◆ **Task details**
Using the data below, output a verbatim copy of the lines between the one holding "[Kovový kôš využijete" and the one holding "Torso Ninjago Robe", inclusive, without any pictures.

◆ **Data in this exercise**
━━━━━━━━━━━━━━━━━━━━
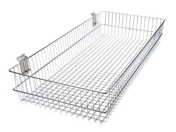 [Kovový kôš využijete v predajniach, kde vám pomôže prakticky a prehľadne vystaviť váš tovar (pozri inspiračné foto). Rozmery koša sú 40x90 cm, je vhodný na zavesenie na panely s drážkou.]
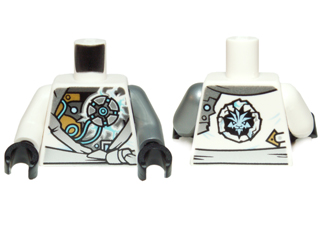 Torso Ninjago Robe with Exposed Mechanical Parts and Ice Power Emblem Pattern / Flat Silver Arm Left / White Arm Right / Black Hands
━━━━━━━━━━━━━━━━━━━━
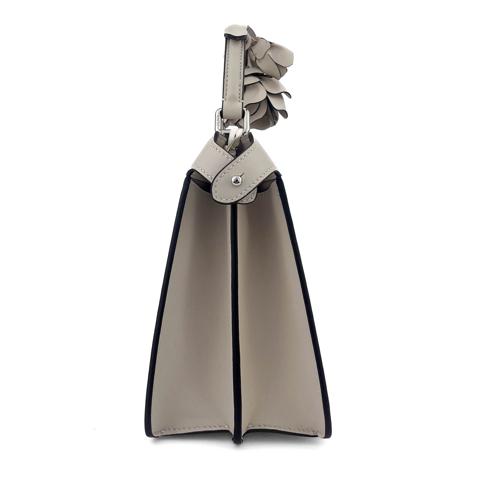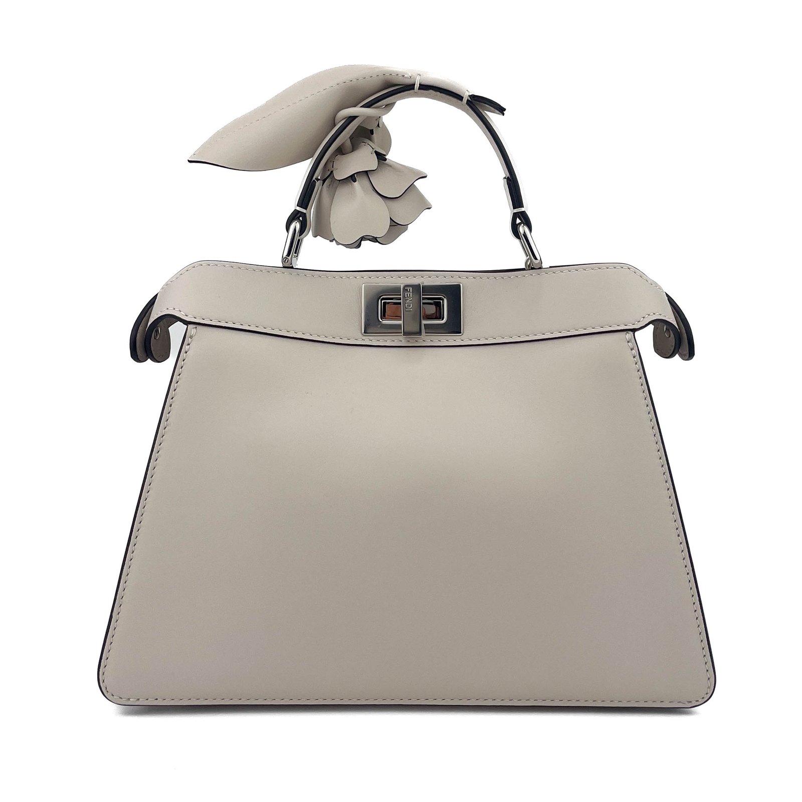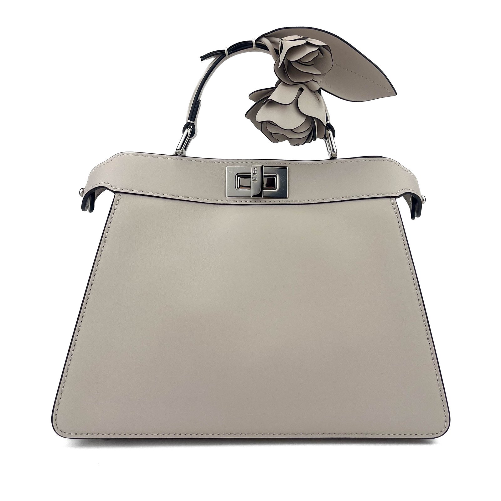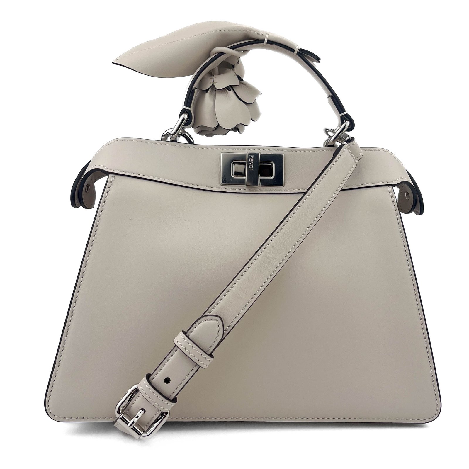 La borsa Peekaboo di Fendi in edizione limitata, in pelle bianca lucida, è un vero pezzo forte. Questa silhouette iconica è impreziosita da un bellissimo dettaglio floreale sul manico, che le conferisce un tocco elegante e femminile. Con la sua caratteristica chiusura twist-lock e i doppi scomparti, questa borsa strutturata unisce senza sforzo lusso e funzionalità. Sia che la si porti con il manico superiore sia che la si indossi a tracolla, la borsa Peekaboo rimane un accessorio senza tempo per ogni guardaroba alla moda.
━━━━━━━━━━━━━━━━━━━━
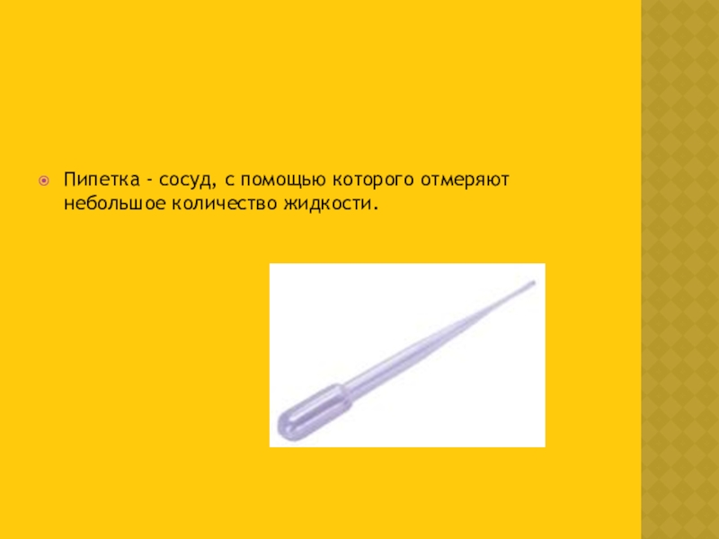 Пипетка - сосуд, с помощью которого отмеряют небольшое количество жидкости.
━━━━━━━━━━━━━━━━━━━━
◆ **Reply to the exercise**
 [Kovový kôš využijete v predajniach, kde vám pomôže prakticky a prehľadne vystaviť váš tovar (pozri inspiračné foto). Rozmery koša sú 40x90 cm, je vhodný na zavesenie na panely s drážkou.]
 Torso Ninjago Robe with Exposed Mechanical Parts and Ice Power Emblem Pattern / Flat Silver Arm Left / White Arm Right / Black Hands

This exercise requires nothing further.